Second … this summer I started “allowing” myself to do walk-run sessions. If you can bring yourself to do this (and you should), you can play with the ratio of walking to running to control the duration and intensity. It’s nice to do these workouts and not feel as beat up from the impact. These are sometimes more enjoyable than normal runs, once I set my ego aside.

Lastly, the other thing you can do is strength work on your lower legs … seated and standing calf raises to strengthen your soleus and calf muscles. I’ve been meaning to do this but strength and mobility work always seems to take a back seat, but shouldn’t. :man_shrugging:t2:

Good luck!


Ultimately, running requires a different type of muscle contraction called an eccentric contraction that cycling does not use. Eccentric contractions are effectively lengthening movements of the muscle that cause tearing and damage to the muscles that result in soreness, typically peaking 24-48 hours after exercise. Strength training also includes eccentric muscle contractions when you lower a weight against gravity, which is why strength training and running (as well as downhill skiing among other movements) cause much more soreness than cycling does.

There’s something that is know as the “repeated bout effect” with eccentric muscle contractions that after you’ve done a movement that gets you sore, if you continue to repeat a similar stress on the same muscles the amount of damage and soreness will be significantly less than the initial stressor.

In a practice sense, the protective aspect of the repeated bout effect lasts about 1 up to 2 weeks. If you were to perform strength training consistently, you’ll have less exercise induced muscle soreness when you run. Also, if you run about once a week you’ll maintain a reasonable level of protection.

Personally, I run for a mile or two about once a week to be able to maintain a little bit of protection from the soreness and maintain some bone loading stress. Keep in mind, though, doing something different - like an uphill and downhill hike or go water skiing - there’s a slightly different type of stress and therefore you can still get sore from the new activity/exercise!


Thank you, coach.
Can you indicate a day in the training plan that we can integrate running?
For example, a day when you do a neuromuscular workout or endurance?


Thank you Neal for this very insightful explanation. I don’t want to overstress this thread but the question left for us Sufferlandrians is the same one @MikeSh raised: Where should such a 1 - 2 mile run should be fitted in when being on a training plan. On rest days? Or before certain workout types, maybe as a warm up?

Thanks a lot and keep up the good work with the Sufferfest!

I also want to hear from the coaches on this one.

My approach this summer has been to try and get my runs done on the same days that I do strength work and/or low cadence cycling rides like G.O.A.T or Power Station, usually to be followed by an easy or recovery day.


Hi all - an ideal place that I would encourage adding a weekly (or so), short run is as a warm-up for a strength training session. Another good alternative would be either in the morning of a day that you’ll be doing a more intense session later in the day, or vice versus (intense session on bike in the morning, then the short run in the evening.)
If you’re considering trying a multisport event (Triathlon/Duathlon) in the future - then definitely throw that run in after more intense cycling session to get a feel for what it takes :grimacing:


It would be great to be able to integrate running with the cycling training plans, like yoga & strength. I’m not looking to train for a triathlon, but would like to include a little running.
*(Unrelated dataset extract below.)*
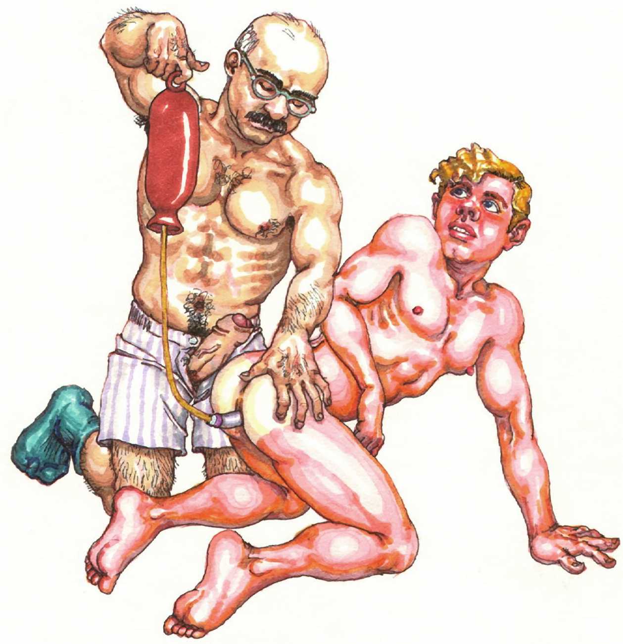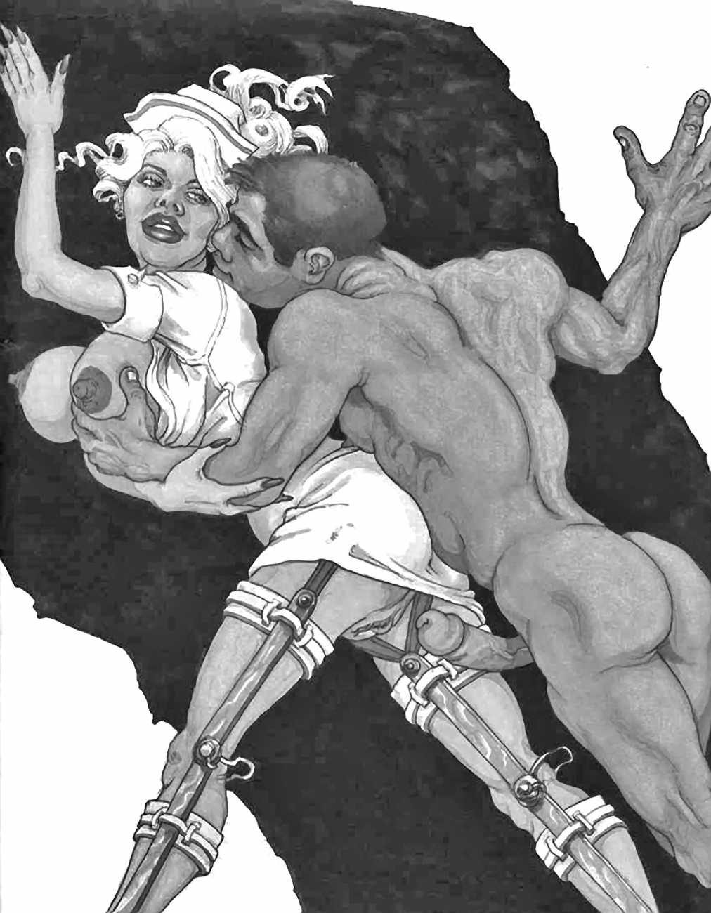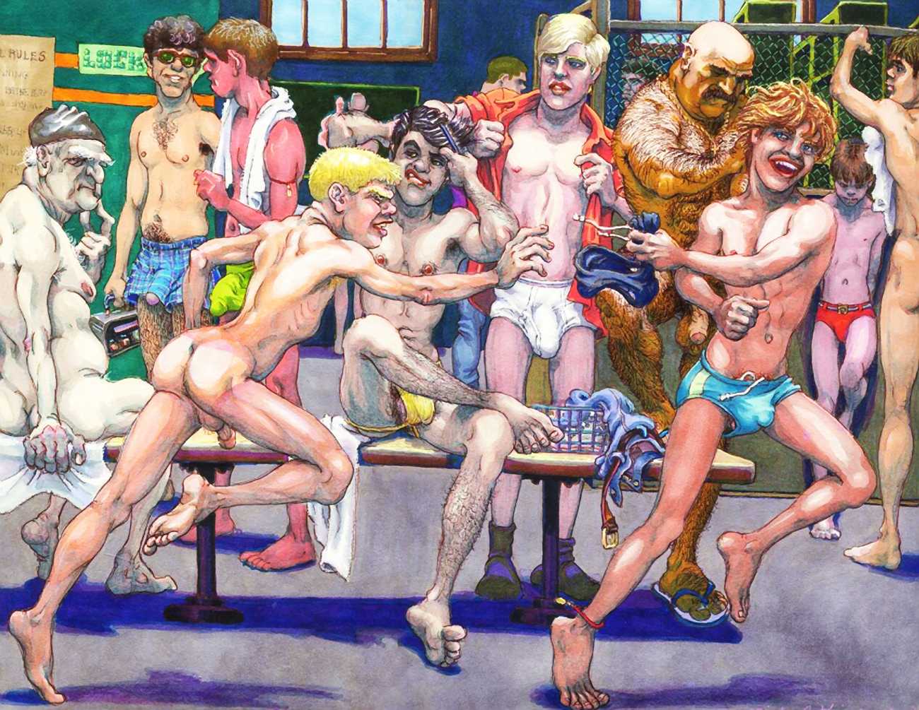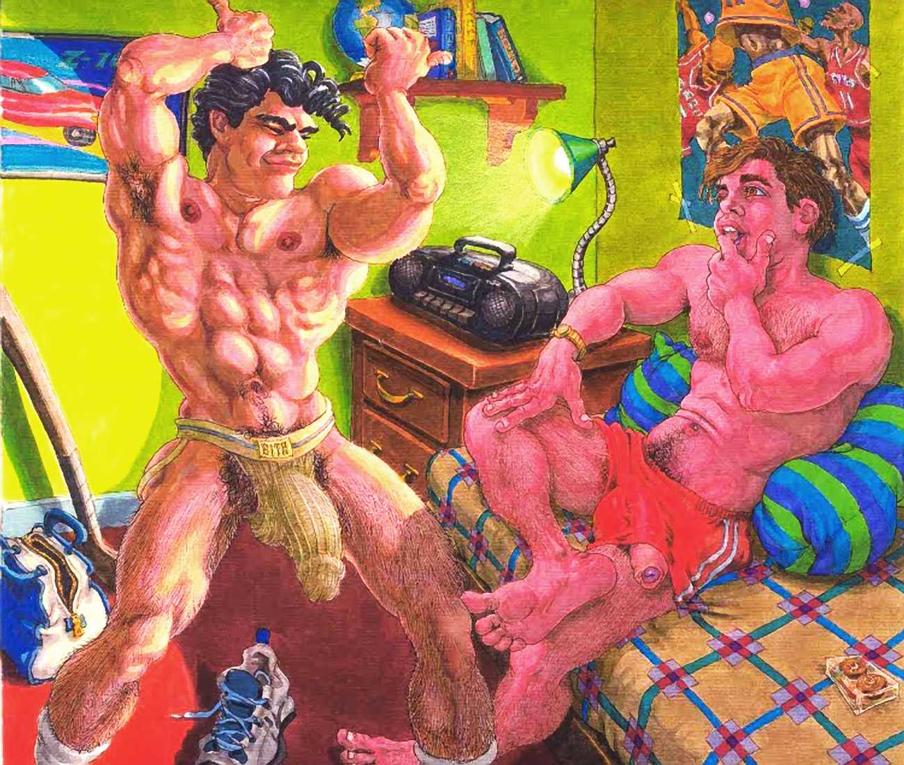While still at Spellman, Michael married his high school sweetheart and six months later became a father. Later that year he was denied a diploma because he had hurled a jelly donut at the back of his religious instructor’s head (she was an ex-nun). With a family to support, Michael worked for six years in the shipping and receiving area at Gimbels department store. At the end of the 1970s his marriage dissolved under the combined weight of his irresponsible attitude and continuing homosexual shenanigans, and in 1980, embracing his newly found gay identity, he went to work at the St Mark’s Baths, a sperm-splashed institution in the East Village. Michael rose quickly through the ranks from laundry boy to management through being an inept but endearing presence. Encouraged by Bruce Mailman, owner of both the baths and the magnificent and historic Saint dance club, Michael rediscovered art and in particular his skill at drawing the naked men surrounding him at work. In 1986 Michael realised that the AIDS epidemic would soon end the heyday of the tubs. It was during this time that his works were first published in Stroke magazine. He next worked for two years at the GVC porn video distributorship, until the company profits vanished up the executive’s nostrils.
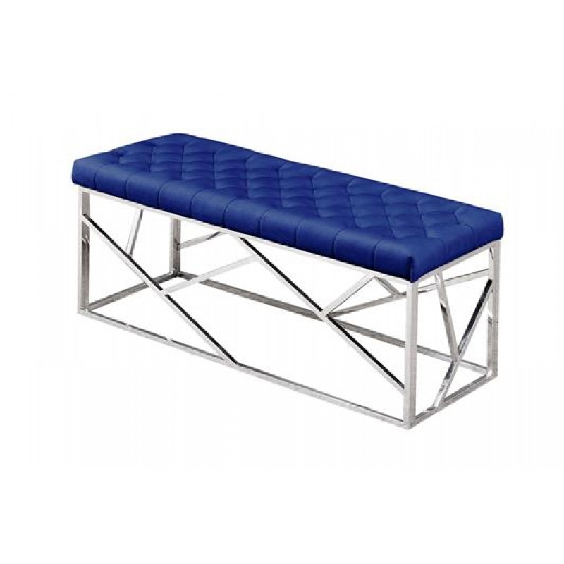 Банкетка выполнена из нержавеющей стали, что делает конструкцию прочной и надежной. Обивка сиденья - вельвет. Материал обладает особой прочностью и износоустойчивостью, приятный на ощупь, эластичный и теплый.

Muscle soreness can be cured easily with proper treatment at the right time.
I think you must start taking physiotherapy if your cycling training is hectic. Physiotherapy treatment will actually work greatly for anyone tired with muscle problems.
Otherwise you can consult with any chiropractic persons too.

Hey @merryjace ,
We’re talking about DOMS here, not necessarily muscle problems, but your point is taken.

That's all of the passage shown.